Optionally, the first obtaining module 202 is further configured to obtain a parameter type and a parameter name from the key value pair.
The storage module is further configured to store the target data according to the data storage format of the parameter type and the parameter name.
In the data obtaining apparatus depicted in fig. 2, a data obtaining request may be received, where the data obtaining request carries a keyword and a file to be read; further, according to the keywords, obtaining extensible markup language files corresponding to the keywords from a cache; further, a hypertext markup language parser is used for parsing the extensible markup language file to obtain configuration information of each type of data in the extensible markup language file; furthermore, a preset key is obtained from the configuration information, and a key value pair is obtained according to the configuration information and the preset key; reading the key-value pair into a cache; and determining a data reading format according to the key value pair, and reading target data from the file to be read according to the data reading format. It can be seen that, in the present invention, an xml file may be stored in a cache in advance, when target data in a file to be read needs to be obtained, the xml file in the cache may be loaded, and the xml file is parsed by a html parser to obtain configuration information and key value pairs, and the key value pairs are read into the cache, and the target data in the file to be read is read according to the key value pairs.
Fig. 3 is a schematic structural diagram of an electronic device implementing a data acquisition method according to a preferred embodiment of the invention. The electronic device 3 comprises a memory 31, at least one processor 32, a computer program 33 stored in the memory 31 and executable on the at least one processor 32, and at least one communication bus 34.
Those skilled in the art will appreciate that the schematic diagram shown in fig. 3 is merely an example of the electronic device 3, and does not constitute a limitation of the electronic device 3, and may include more or less components than those shown, or combine some components, or different components, for example, the electronic device 3 may further include an input/output device, a network access device, and the like.
The electronic device 3 may also include, but is not limited to, any electronic product that can interact with a user through a keyboard, a mouse, a remote controller, a touch panel, or a voice control device, for example, a Personal computer, a tablet computer, a smart phone, a Personal Digital Assistant (PDA), a game machine, an Internet Protocol Television (IPTV), an intelligent wearable device, and the like.
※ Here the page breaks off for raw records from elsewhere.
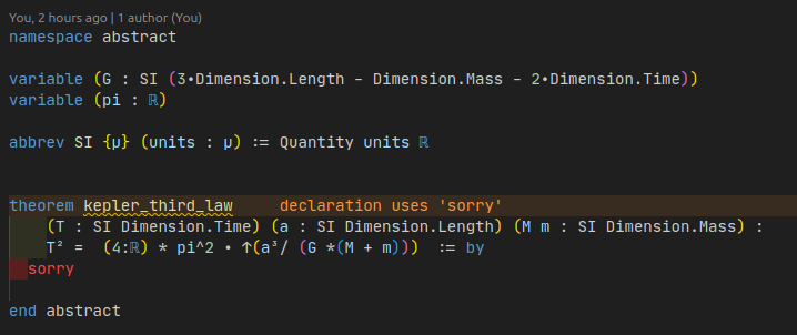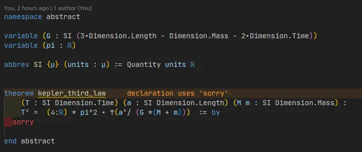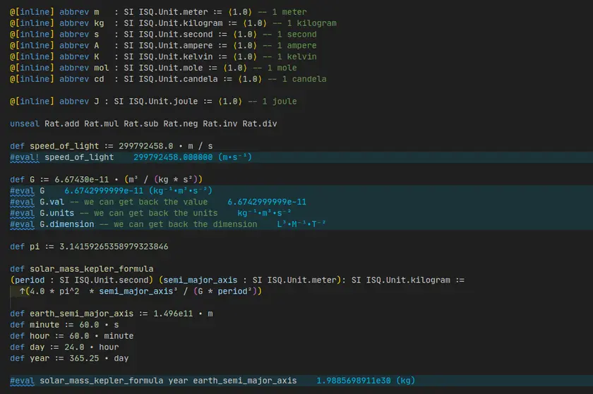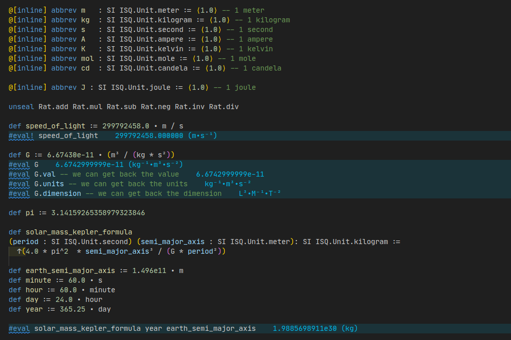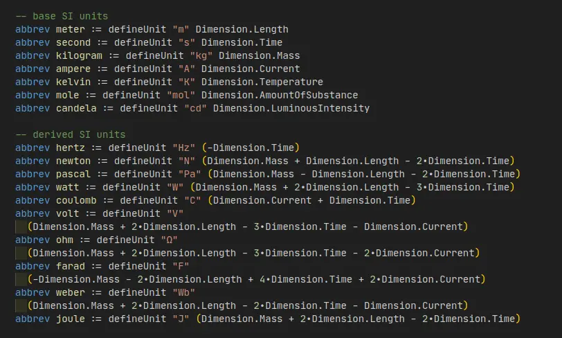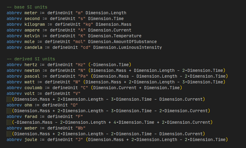 So i redesigned it to be based on Base SI units. And it makes more sence like that. Only base units should be a choice of unit .-- base SI units abbrev meter := defineUnit "m" Dimension.Length abbrev second := defineUnit "s" Dimension.Time abbrev kilogram := defineUnit "kg" Dimension.Mass abbrev ampere := defineUnit "A" Dimension.Current abbrev kelvin := defineUnit "K" Dimension.Temperature abbrev mole := defineUnit "mol" Dimension.AmountOfSubstance abbrev candela := defineUnit "cd" Dimension.LuminousIntensity abbrev steradian := defineUnit "sr" Dimension.dimensionless -- derived SI units abbrev hertz := defineDerivedUnit "Hz" (-second) abbrev newton := defineDerivedUnit "N" (kilogram + meter - 2•second) abbrev pascal := defineDerivedUnit "Pa" (newton - 2•meter) abbrev joule := defineDerivedUnit "J" (newton + meter) abbrev watt := defineDerivedUnit "W" (joule - second) abbrev coulomb := defineDerivedUnit "C" (ampere + second) abbrev volt := defineDerivedUnit "V" (watt - ampere) abbrev ohm := defineDerivedUnit "Ω" (volt - ampere) abbrev farad := defineDerivedUnit "F" (coulomb - volt) abbrev weber := defineDerivedUnit "Wb" (volt + second) abbrev tesla := defineDerivedUnit "T" (weber - 2•meter) abbrev henry := defineDerivedUnit "H" (ohm + second) abbrev lumen := defineDerivedUnit "lm" (candela + steradian) abbrev lux := defineDerivedUnit "lx" (lumen - 2•meter) abbrev becquerel := defineDerivedUnit "Bq" (-second) abbrev gray := defineDerivedUnit "Gy" (joule - kilogram) abbrev sievert := defineDerivedUnit "Sv" (joule - kilogram) abbrev katal := defineDerivedUnit "kat" (mole + second) abbrev celsius := defineDerivedUnit "°C" kelvin (Conversion.translate (273.15))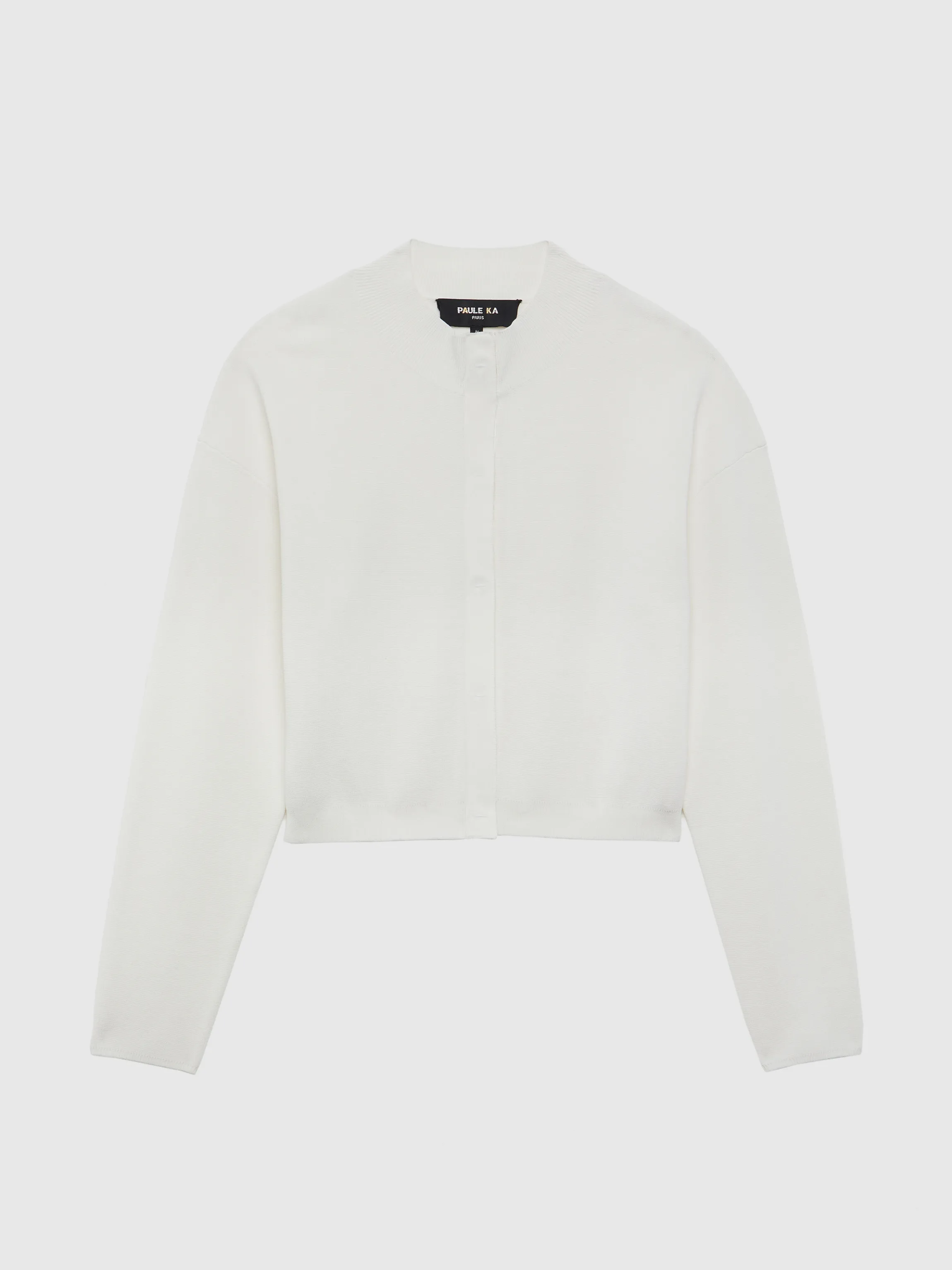 Le Cardigan Prend Forme Dans Une Coupe Epuree Dotee D’Un Petit Col Legerement Montant Et D’Une Patte De Fermeture A Pres…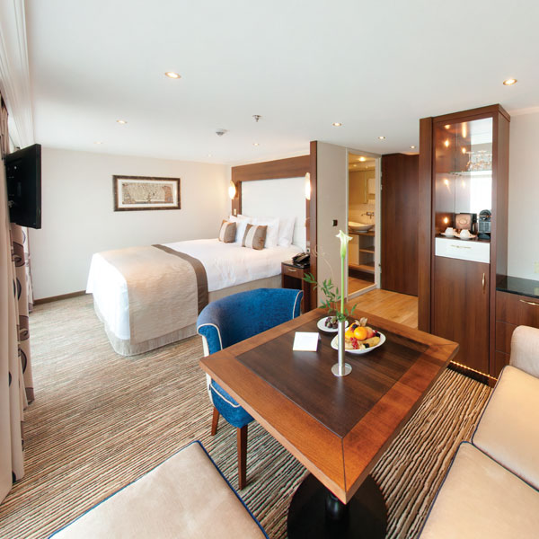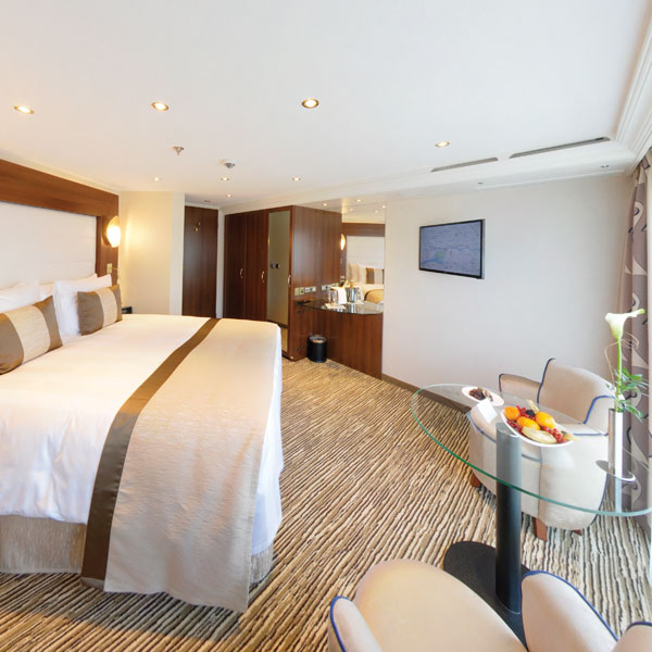 Two floor-to-ceiling French balconies, each 98 inches x 75 inches with one sliding door that opens, 32" LED TV, Safe, Minibar stocked with complimentary water and soft drinks, replenished daily, Coffee maker, Breakfast room service, Iron plus ironing board, 220v and 110v outlets in cabin and bathroom, Easy under-bed luggage storage, Telephone and individual climate control, Onboard wi-fi available, a shipboard credit (one per stateroom) is provided to be used onboard for spa services, gift shop purchases, etc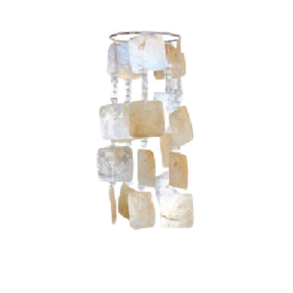 “Sino em Madrepérola Mensageiro do Vento”, com design exclusivo de 5 linhas com madrepérola em formato de chips quadrados, nas cores dourada e natural, de altíssima qualidade e beleza no acabamento. Conta com a sutileza da madrepérola, tornando-o imponente, sofisticado e elegante, um verdadeiro objeto de decoração, que se destaca em diversos estilos e tudo fica mais glamoroso. Confeccionado de forma artesanal para que o som provoque relaxamento, e não um barulho estressante.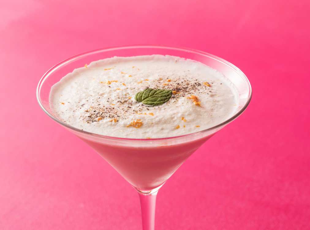 高級車“キャデラック”をイメージしたカクテル「ゴールデンキャデラック」をアレンジしてつくられた「White Cadillac (ホワイトキャデラック)」1500円。バニラアイスを使用したマイルドなテイストに、黒こしょう、オレンジゼストがあしらわれ、爽やかなテイストに。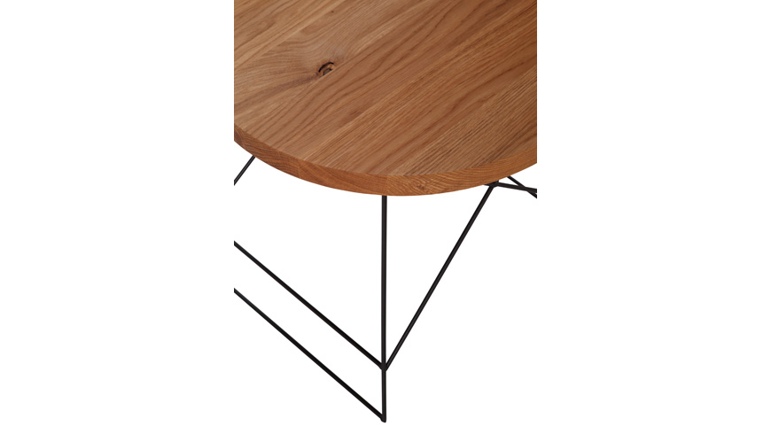 Blat stolika wykonany jest z pełnego dębu o grubości 3 cm, który w całej swej okazałości prezentuje unikalny i autentyczny charakter naturalnego drewna dębowego oraz to co jest wskazane jego niedoskonałości - sęczyny z pęknięciami.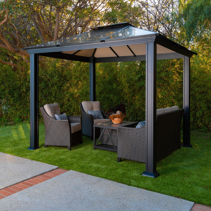 Get the luxury you deserve in your backyard with the Santa Monica Hard Top Gazebo. Enjoy the tranquility of being outdoors, rain or shine, with the full protection from the elements provided by the aluminum composite roof.

The Network where the electronic device 3 is located includes, but is not limited to, the internet, a wide area Network, a metropolitan area Network, a local area Network, a Virtual Private Network (VPN), and the like.
The at least one Processor 32 may be a Central Processing Unit (CPU), other general purpose Processor, a Digital Signal Processor (DSP), an Application Specific Integrated Circuit (ASIC), a Field Programmable Gate Array (FPGA) or other Programmable logic device, discrete Gate or transistor logic, discrete hardware components, etc. The processor 32 may be a microprocessor or the processor 32 may be any conventional processor or the like, and the processor 32 is a control center of the electronic device 3 and connects various parts of the whole electronic device 3 by various interfaces and lines.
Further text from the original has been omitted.